Calculus - Integration: Volume by Rotating an Area (3 of 10) Ex. 3: y=x^2,y=x About the x-axis

holy shit!!!!
I thought I would never understand this topic.... but I DID!!!!
thanks a lot man!!

Hey! I just wanted to say thank you so much for taking the time to make these videos. I have a physics final and calc 2 this week and you've saved my life with these videos. I now understand everything better. You make it easier to understand, I love your videos THANK YOU!!

Thank you very much, it is very kind of you.

The post- rotation image was hard to imagine. I wouldn't have come up with a cone as the final image.
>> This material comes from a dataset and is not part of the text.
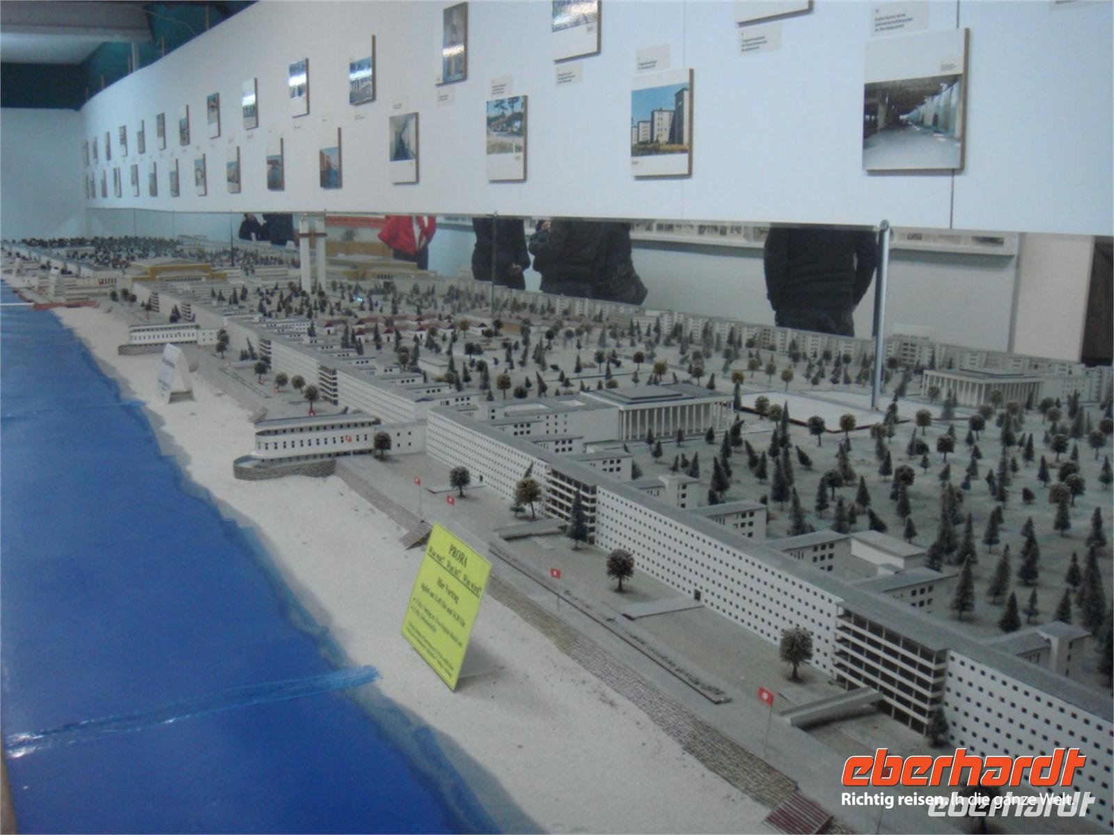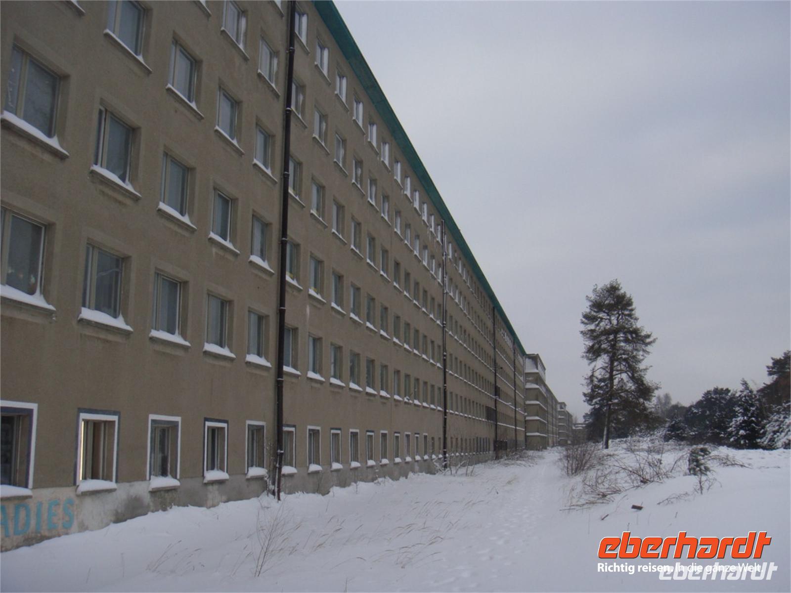 Ein weiteres Ausflugsziel ist der „Koloss von Prora", die berühmt-berüchtigte Ferienanlage der Nationalsozialisten. „Kraft durch Freude" hieß damals das zweifelhafte Motto. Zu Zeiten der DDR diente die nie fertiggestellte Anlage als Kaserne. Heute sind hier zahlreiche sehenswerte Museen und Ausstellungen. Vom Hotel aus laufe ich entspannt in einer Stunde am Strand entlang bis zu dem 2,5 Kilometer langen Betonklotz. Doch erst aus der Luft wird das ganze monumentale Ausmaß des sogenannten „KdF-Bades" deutlich.

Great job Mr. Michel.....Thanks

I hope you do not mind me saying, but the second zero in the evaluation should have a negative sign in front of it. Not that it changes the final result.

Around 6:30: am I right that the whole subtraction should be enclosed by brackets? because the lower limit (although zero in this specific case) has to be multiplied by pi as well.

Find the surface area due to the rotation of the area between f(x)=x^3 and g(x)=x

thank you so much sir but what i observed from the volume of the element is your meant the thickness is just # since the area itself is just (y2-y1)dx

Find surface area by rotate y=erf(x) about x axis
x from -1 to 1

What, if they ask for the volume swept out? Is it the same thing?

SOOOOOOO helpful sir!

Amazing explanation ,thanks teacher!

thank you so much

Why this volume not equal when i rotated about y-axis ?
i suppose that the rotation of the same curve about y-axis and x-axis are equal ?????

At the radius of the circle, you write (x^2-x^4),I know it right, Could you tell me why (x-x^2)^2 is wrong.?

thank you! it is a great video

Thank you sir

Its so hard to tell if its a washer

Thank you, really helped a lot. I'm not even native but i could understand you very well, congratulations!